▶ Given material
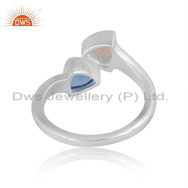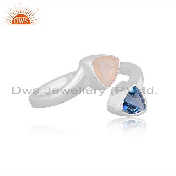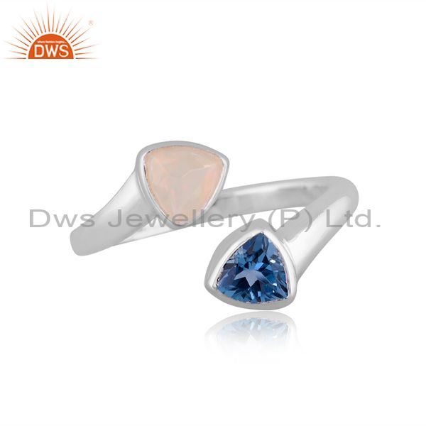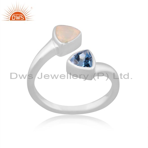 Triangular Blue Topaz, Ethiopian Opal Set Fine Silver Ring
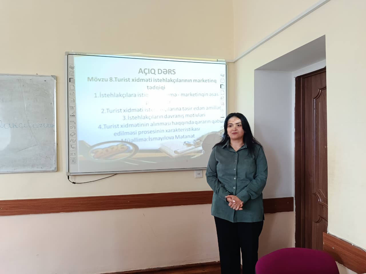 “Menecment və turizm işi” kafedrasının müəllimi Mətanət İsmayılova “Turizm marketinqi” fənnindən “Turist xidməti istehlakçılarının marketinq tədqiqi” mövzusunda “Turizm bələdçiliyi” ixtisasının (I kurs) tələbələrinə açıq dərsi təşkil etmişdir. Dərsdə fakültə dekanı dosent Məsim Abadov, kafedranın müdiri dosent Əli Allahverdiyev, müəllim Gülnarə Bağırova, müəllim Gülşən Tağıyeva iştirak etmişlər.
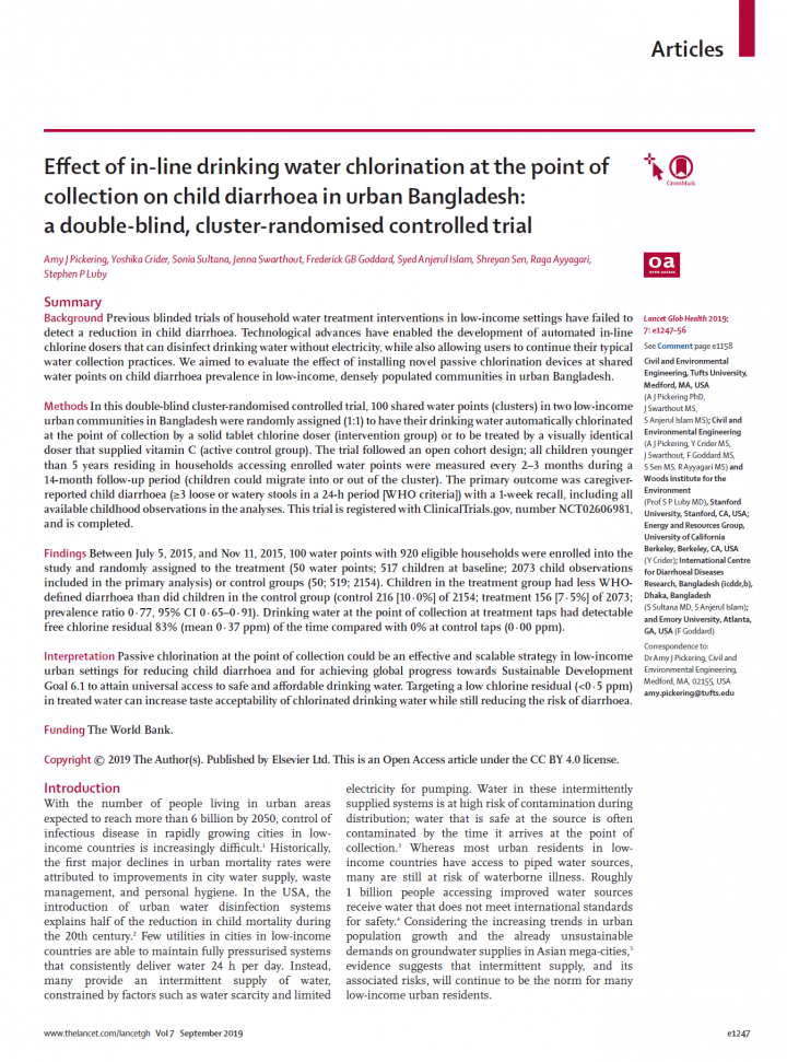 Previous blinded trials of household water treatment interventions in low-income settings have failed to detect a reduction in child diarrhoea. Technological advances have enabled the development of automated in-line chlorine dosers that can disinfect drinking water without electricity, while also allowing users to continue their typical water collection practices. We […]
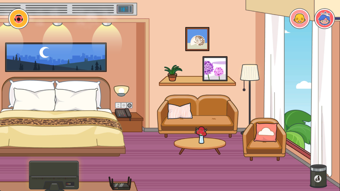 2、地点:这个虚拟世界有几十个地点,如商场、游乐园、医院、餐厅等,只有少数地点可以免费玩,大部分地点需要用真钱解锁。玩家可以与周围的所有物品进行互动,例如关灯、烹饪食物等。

▶ Exercise prompt
Return the full listing above exactly as written, and omit the pictures.

▶ Written solution
 Triangular Blue Topaz, Ethiopian Opal Set Fine Silver Ring
 “Menecment və turizm işi” kafedrasının müəllimi Mətanət İsmayılova “Turizm marketinqi” fənnindən “Turist xidməti istehlakçılarının marketinq tədqiqi” mövzusunda “Turizm bələdçiliyi” ixtisasının (I kurs) tələbələrinə açıq dərsi təşkil etmişdir. Dərsdə fakültə dekanı dosent Məsim Abadov, kafedranın müdiri dosent Əli Allahverdiyev, müəllim Gülnarə Bağırova, müəllim Gülşən Tağıyeva iştirak etmişlər.
 Previous blinded trials of household water treatment interventions in low-income settings have failed to detect a reduction in child diarrhoea. Technological advances have enabled the development of automated in-line chlorine dosers that can disinfect drinking water without electricity, while also allowing users to continue their typical water collection practices. We […]
 2、地点:这个虚拟世界有几十个地点,如商场、游乐园、医院、餐厅等,只有少数地点可以免费玩,大部分地点需要用真钱解锁。玩家可以与周围的所有物品进行互动,例如关灯、烹饪食物等。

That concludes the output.